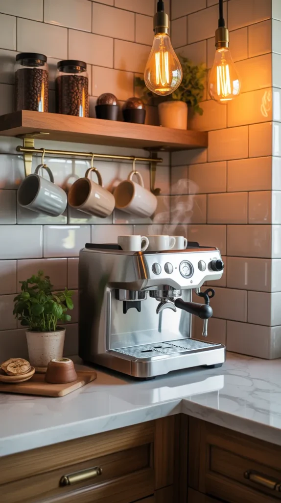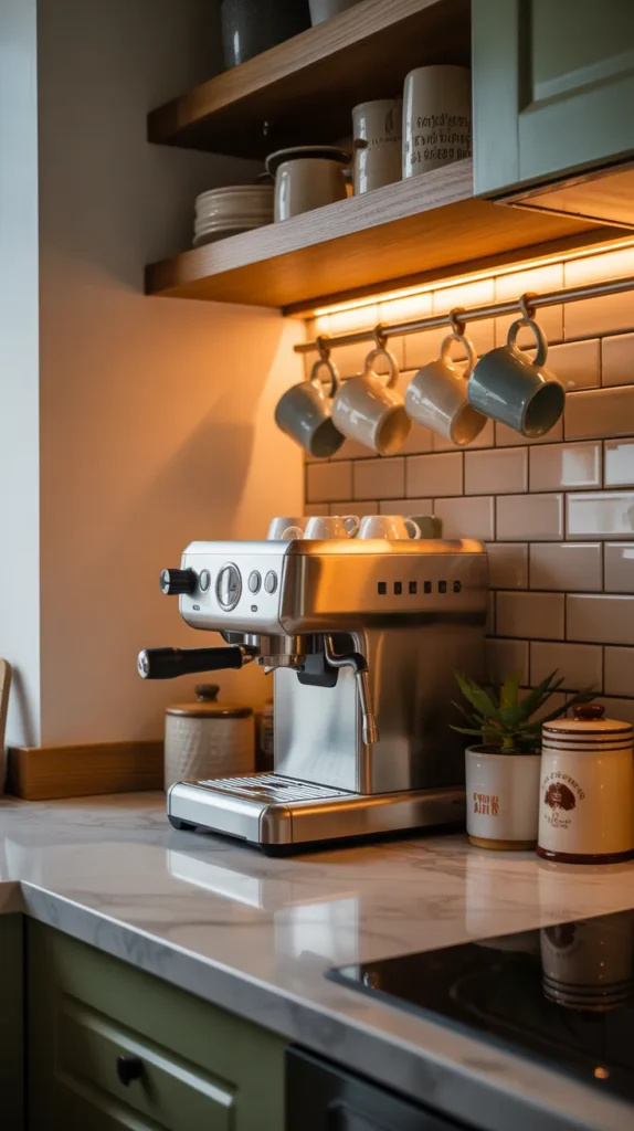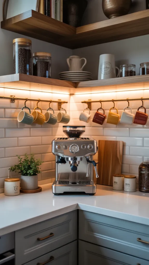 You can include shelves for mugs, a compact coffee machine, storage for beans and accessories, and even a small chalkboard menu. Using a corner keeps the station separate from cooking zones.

...

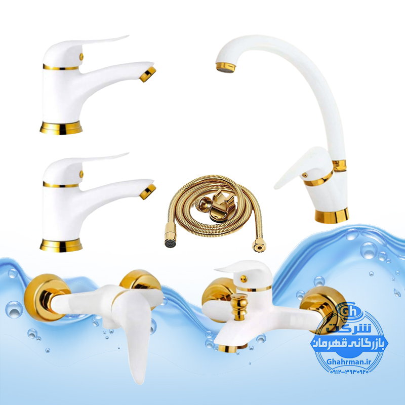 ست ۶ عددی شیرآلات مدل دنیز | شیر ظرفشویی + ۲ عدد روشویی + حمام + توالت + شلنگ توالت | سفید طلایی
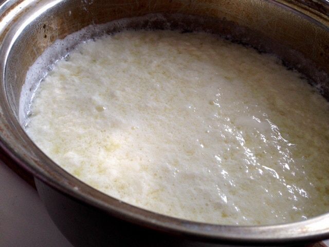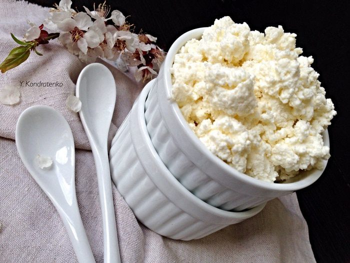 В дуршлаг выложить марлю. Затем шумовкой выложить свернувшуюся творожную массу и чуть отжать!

--

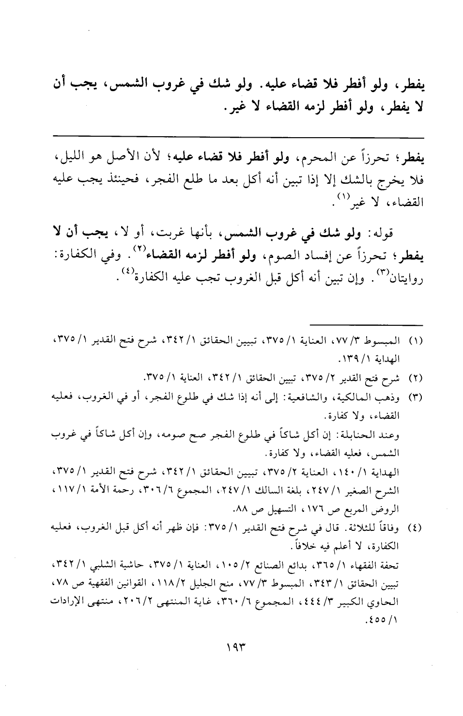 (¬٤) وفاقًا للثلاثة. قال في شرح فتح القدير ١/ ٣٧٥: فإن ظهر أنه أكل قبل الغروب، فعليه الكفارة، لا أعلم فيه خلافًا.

### How to complete this task:
The lines to reproduce run from the one above containing "ست ۶ عددی شیرآلات" through the one containing "В дуршлаг выложить". Copy them exactly and leave out all pictures.

### Solved exercise:
 ست ۶ عددی شیرآلات مدل دنیز | شیر ظرفشویی + ۲ عدد روشویی + حمام + توالت + شلنگ توالت | سفید طلایی
 В дуршлаг выложить марлю. Затем шумовкой выложить свернувшуюся творожную массу и чуть отжать!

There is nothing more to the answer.